Кажется, такие слова сказал он как-то отцу на паровозе, когда они вместе с Груней провозили типографский шрифт. Вот этот самый, что сейчас пересыпает меж пальцев старший городовой, запустив короткопалую руку в горловину мешка.
— Занесите в протокол, — кивает следователю Жарич, — шрифт типографский, гарнитура… Впрочем, гарнитуру определим позже. Укажем лишь: весом около восьми фунтов. Мы точны, господин социал-демократ? Однако вы не бакалейщик, понимаю: что до фунтов и пудов! Вы — идейный борец. Вам бы только призывы сочинять, чтобы затем тискать их при помощи типографских литер. Эти вот слова вы называете дальнобойным оружием? «Страшитесь, пролетариат объединяется. Дрожите, пролетариат готовится к борьбе… Ужасайтесь, пролетариат считает свои ряды!» Почерк, как успел усвоить, ваш, не откажетесь…
Опять раздается противный скрип жандармских сапог. И — голос, масленый, как аккуратный пробор на голове:
— Сочувствую вам: затратить столько трудов, чтобы переправить из Москвы уйму нелегальных изданий, и — так нелепо все потерять! Неопытность, конечно, неумелость… А вот это — совсем непростительное мальчишество: ведомости сбора членских партийных взносов, которые плохо запрятали. Фамилии, имена. Бери, как говорится, голеньких. Мы всех этих ваших соратников знаем и без того. Но тут у вас — честь по чести, все документировано. И письма от некоего Николая. Опять же улика. Николай Кубяк — личность нам известная, делегат вашего Пятого съезда РСДРП в Лондоне. Следили за ним, до времени в Бежице не брали, собирали материалец. Вы же этими письмами кое-что нам добавили…
Первый, кого он увидел в жиздринской тюрьме, когда его наконец-то 1 января 1908 года вывели на прогулку в маленький, огороженный трехметровым забором дворик, был Василий Кизимов. Значит, и его взяли. Кого же еще?

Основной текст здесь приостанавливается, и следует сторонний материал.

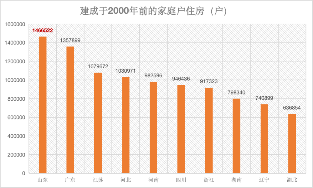 全国近十分之一建于 2000 年前的家庭户住房都在山东。
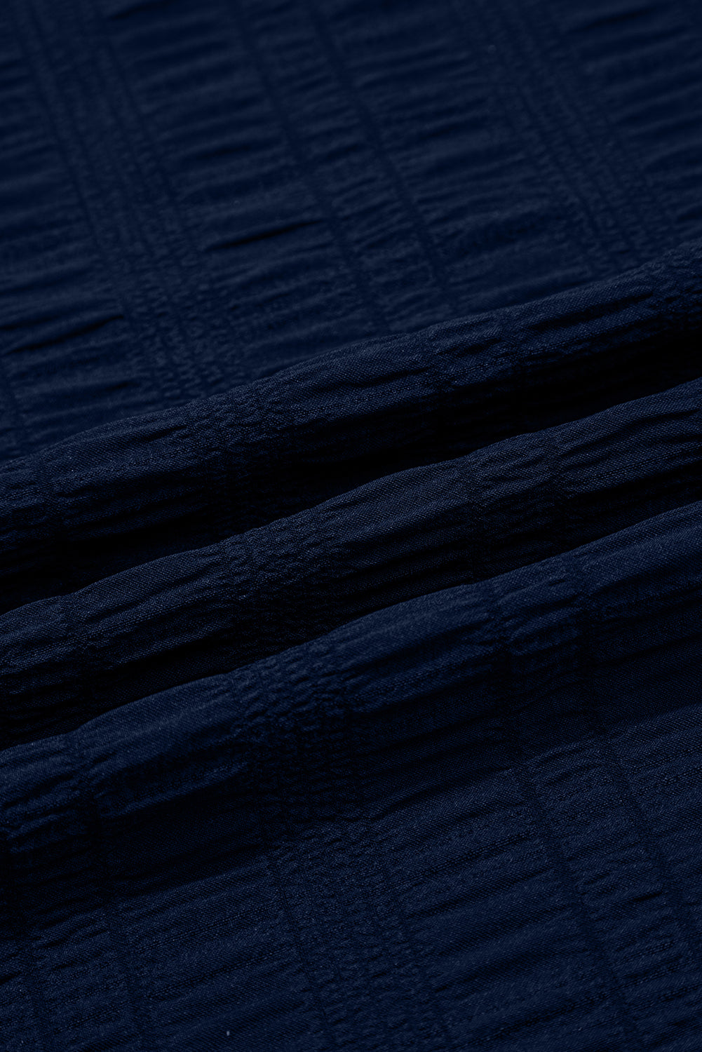 - This two-piece set features a textured square neck top and shirred high waist shorts.
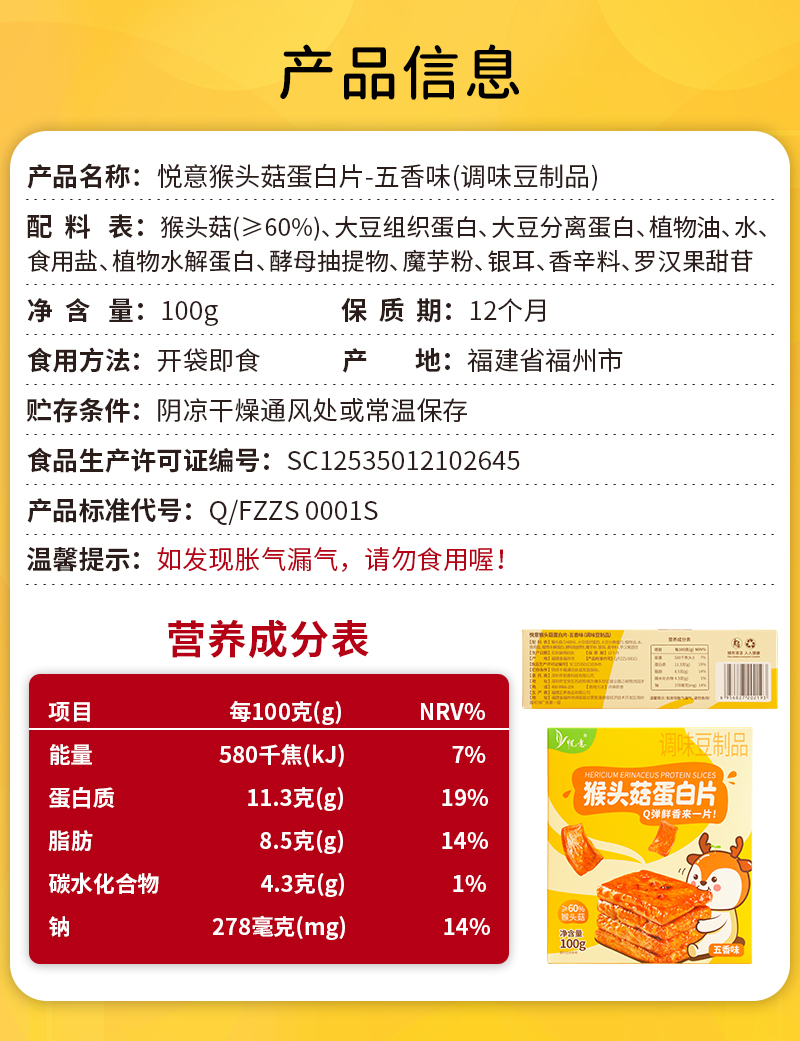 悦意猴头菇蛋白片-五香味B100g*3【产地直发】@szyy

Ходить приказали не друг за дружкой, а встречными кругами. Когда поравнялись, Василий сказал:
— На другой день, как взяли тебя, в народном доме убили Помазенкова, а у заводских ворот — Преображенского. Помнишь, начальник заводского паспортного стола, тайный осведомитель?

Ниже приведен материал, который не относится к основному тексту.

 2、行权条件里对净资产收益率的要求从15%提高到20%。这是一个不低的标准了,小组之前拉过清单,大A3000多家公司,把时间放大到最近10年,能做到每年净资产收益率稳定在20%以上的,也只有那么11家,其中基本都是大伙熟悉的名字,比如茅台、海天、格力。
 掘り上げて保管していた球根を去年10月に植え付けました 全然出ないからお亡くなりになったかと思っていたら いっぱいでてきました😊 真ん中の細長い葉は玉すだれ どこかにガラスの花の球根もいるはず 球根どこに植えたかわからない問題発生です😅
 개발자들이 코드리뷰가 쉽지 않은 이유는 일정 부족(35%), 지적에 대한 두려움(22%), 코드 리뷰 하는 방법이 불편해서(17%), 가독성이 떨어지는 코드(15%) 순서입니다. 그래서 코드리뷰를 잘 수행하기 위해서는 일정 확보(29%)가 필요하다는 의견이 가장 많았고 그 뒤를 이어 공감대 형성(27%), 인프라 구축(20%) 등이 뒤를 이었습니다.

— Кто их? Не паши, конечно, — выдохнул Игнат.
— Само собой.
— Но станут приписывать нам. Это-то мы отметем, а вот другое…
С внутреннего крыльца сиганул надзиратель с пудовыми кулачищами:
— А ну, поговори мне! Живо схлопочешь по сопатке…
Уже в одиночке, куда снова его запихнули, Игнат подумал: если схватили только Кизимова — не самая страшная беда. Но днем уже открылось: в тюрьме Павлов, Кубяк, Уханов, даже Груня…
Во рту враз сделалось сухо и противно, и он жадно отпил из кружки, стоящей на парах.
Да, он старался предвидеть любую сложность, которая может возникнуть при первой же встрече с тюрьмой. Старался предвидеть и готовил себя. Оказалось все куда сложнее! И главное — по его вине, из-за его самонадеянности и неопытности…
С самого начала следствия он все обвинения принял на себя: один доставал и хранил нелегальные издания, сам печатал листовки и воззвания, сам их распространял. Попытки навязать подследственным убийство жандармского агента и городового стойко отметали все.
Когда к концу следствия всех свели в общую камеру, а с Груней разрешили увидеться, во взгляде, в каждом слове ждал невольных укоров: как же ты так — списки, письма, адреса? Лишь места жительства Панкова на клочках бумаги не оказалось, потому Григорий и остался на свободе.
Кубяк и Павлов даже намеком не выразили осуждения — бросились в объятия. У Груни пополам слезы и улыбка на потемневшем лице. И Уханов пробовал, как все, глубоко скрыть переживания. Зато сам Игнат продолжал себя казнить безжалостно и беспощадно.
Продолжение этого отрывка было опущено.